HD 83443 b / Buru

Discovery
- Discovered by: Mayor et al.
- Discovery site: France
- Discovery date: April 15, 2000
- Detection method: Doppler Spectroscopy

Orbital characteristics
- Semi-major axis: 0.039 AU (5,800,000 km)
- Eccentricity: 0.013 ± 0.013
- Orbital period (sidereal): 2.98565 ± 0.00003 d
- Time of periastron: 2,451,497.5 ± 0.3
- Argument of periastron: 11 ± 11
- Semi-amplitude: 56.3 ± 1.4
- Star: HD 83443

= HD 83443 b =

Extrasolar planet in the constellation Vela

HD 83443 b is an extrasolar planet approximately 134 light-years away in the constellation of Vela.
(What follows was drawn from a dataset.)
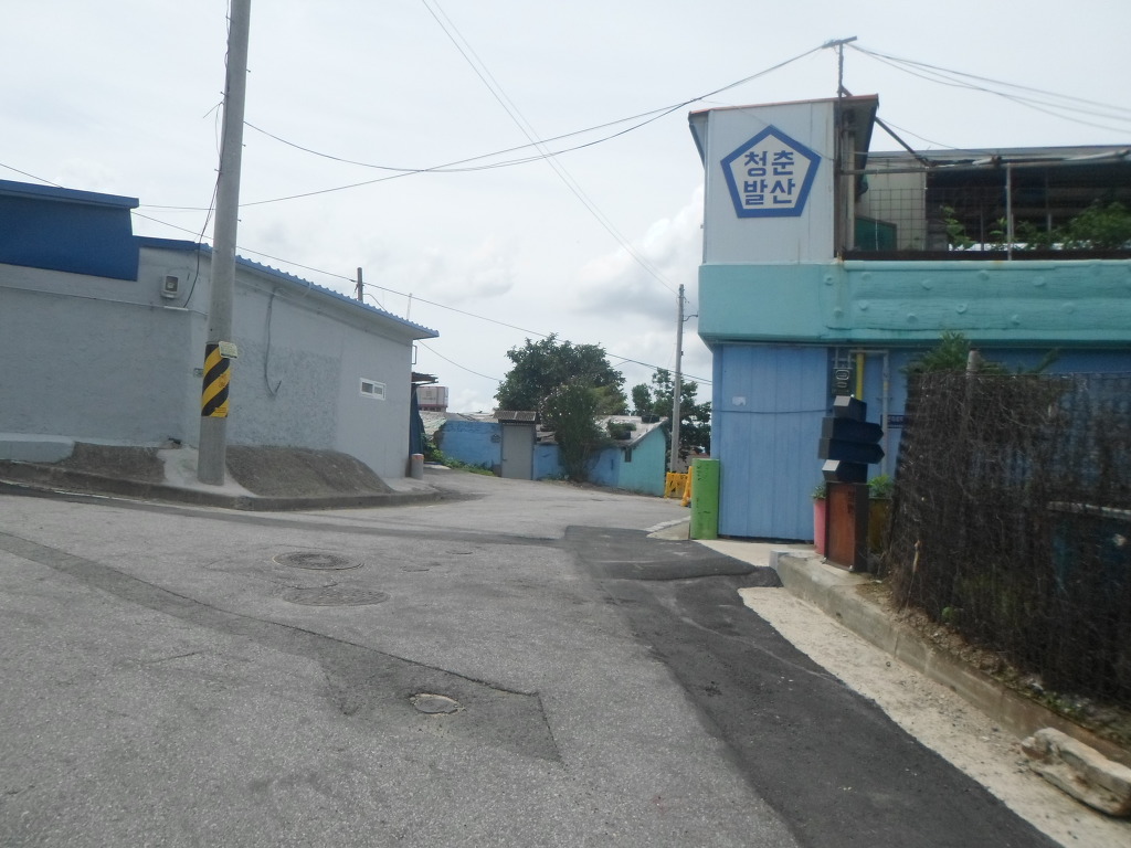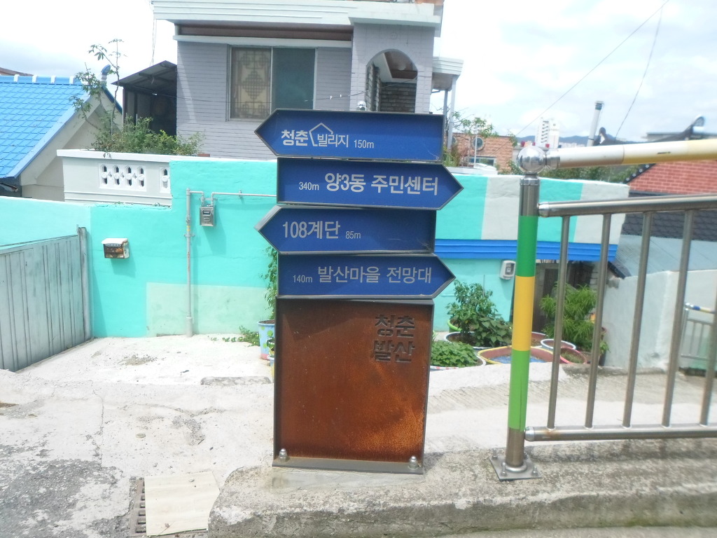 아래그림/[발산상회]앞 주택앞의 삼거리에 있는 이정표다.右측으로 살작 올라가면 전망대이다.

It was discovered in 2000 by the Geneva Extrasolar Planet Search Team led by Michel Mayor. It has a minimum mass comparable to Saturn, and its orbit is one of the shortest known, 1/25th that of Earth's. It takes only three days to complete one revolution around the star.

The planet HD 83443 b is named Buru. The name was selected in the NameExoWorlds campaign by Kenya, during the 100th anniversary of the IAU. Buru means dust in the Dholuo language.